Retype the lines of the listing below exactly, but only those from the one containing "Slaapbank 140x200 cm, grijs" through the last line; pictures stay out.

-------- THE DATA

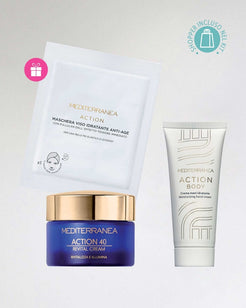 A kit of products to care for the most exposed areas—face and hands—giving skin a new radiance. Action 40 Revital cream is a day and night treatment designed for adult skin that wants to combat the first signs of aging. Thanks to the precious synergy of active ingredients, it revives the skin's beauty day after day. Hands are also important and require attention and care. Hydration is guaranteed with Action Body Moisturizing Hand Cream. Enriched with soothing, hydrating, and antioxidant active ingredients, with regular use, chapped skin and dryness are a thing of the past! A complimentary single-use sheet mask, the Action Anti-Aging Hydrating Face Mask, is included for an instant beauty boost. The sheet is infused with a lotion enriched with hyaluronic acid and tetrapeptide for skin that appears more elastic and smooth. Including a shopping bag to wrap your gift.
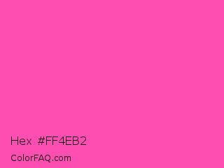 Hex #ff4eb2 Color is a light magenta color and the nearest color is Brilliant Rose #f653a6. Hex code #ff4eb2 and RGB value is rgb(255,78,178). In RGB color space, this color is composed of 100% red, 31% green, 70% blue, In CMYK color space, this color is composed of 0% cyan, 69% magenta, 30% yellow , 0% black , In HSL color space, this color has a hue angle of 326° , 100% saturation and 65% lightness.
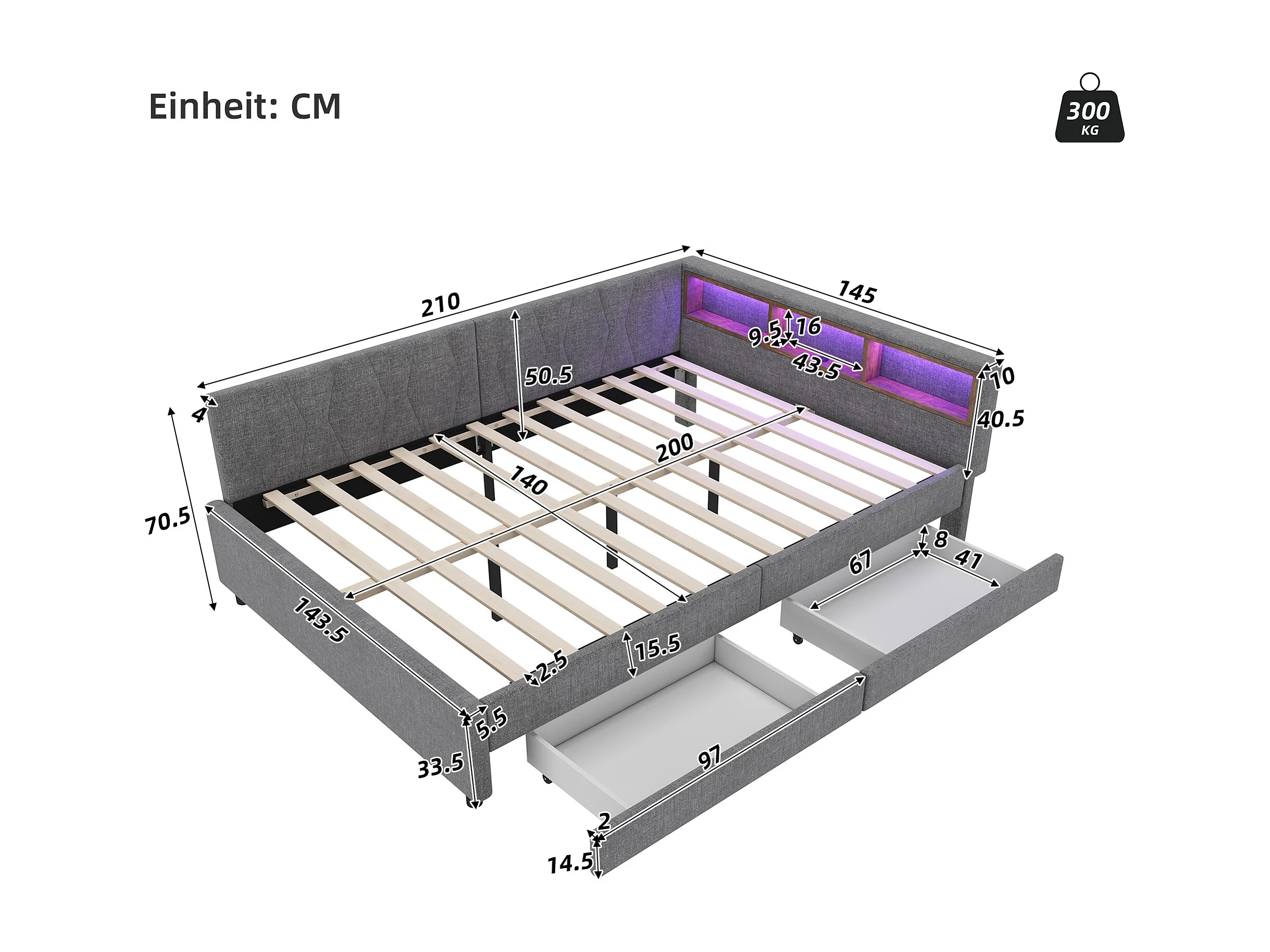 Slaapbank 140x200 cm, grijs linnen, bed voor volwassenen, ledverlichting, 2 lades, USB-aansluiting - matras niet inbegrepen
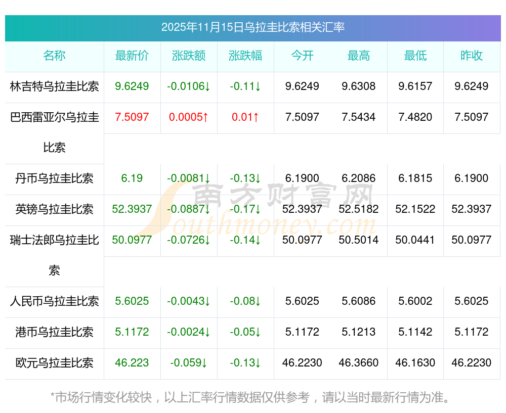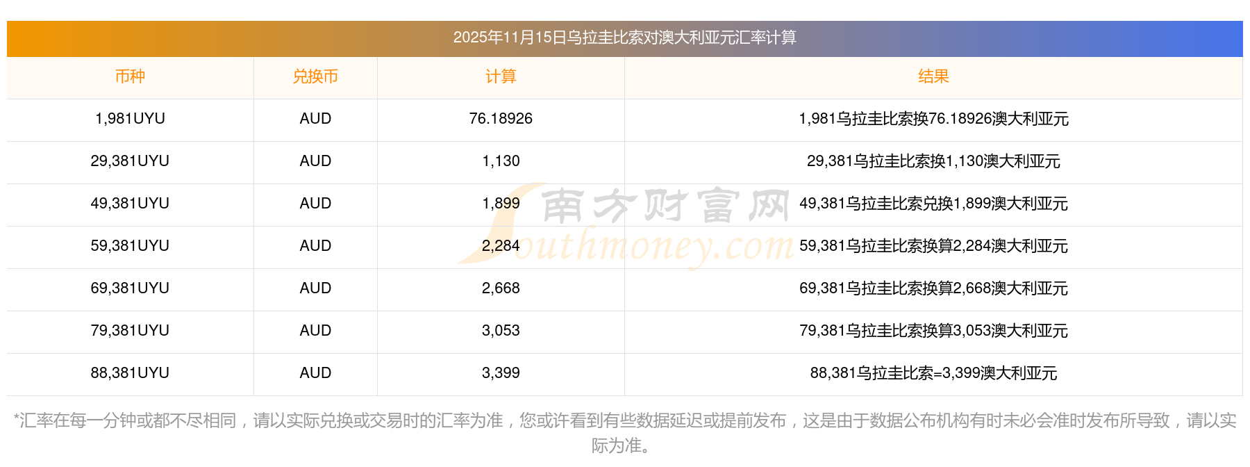 匯率調(diào)整新消息:烏拉圭比索兌澳大利亞元匯率查詢(xún)表11-15

----------------

■ SOLUTION BELOW:
 Slaapbank 140x200 cm, grijs linnen, bed voor volwassenen, ledverlichting, 2 lades, USB-aansluiting - matras niet inbegrepen
 匯率調(diào)整新消息:烏拉圭比索兌澳大利亞元匯率查詢(xún)表11-15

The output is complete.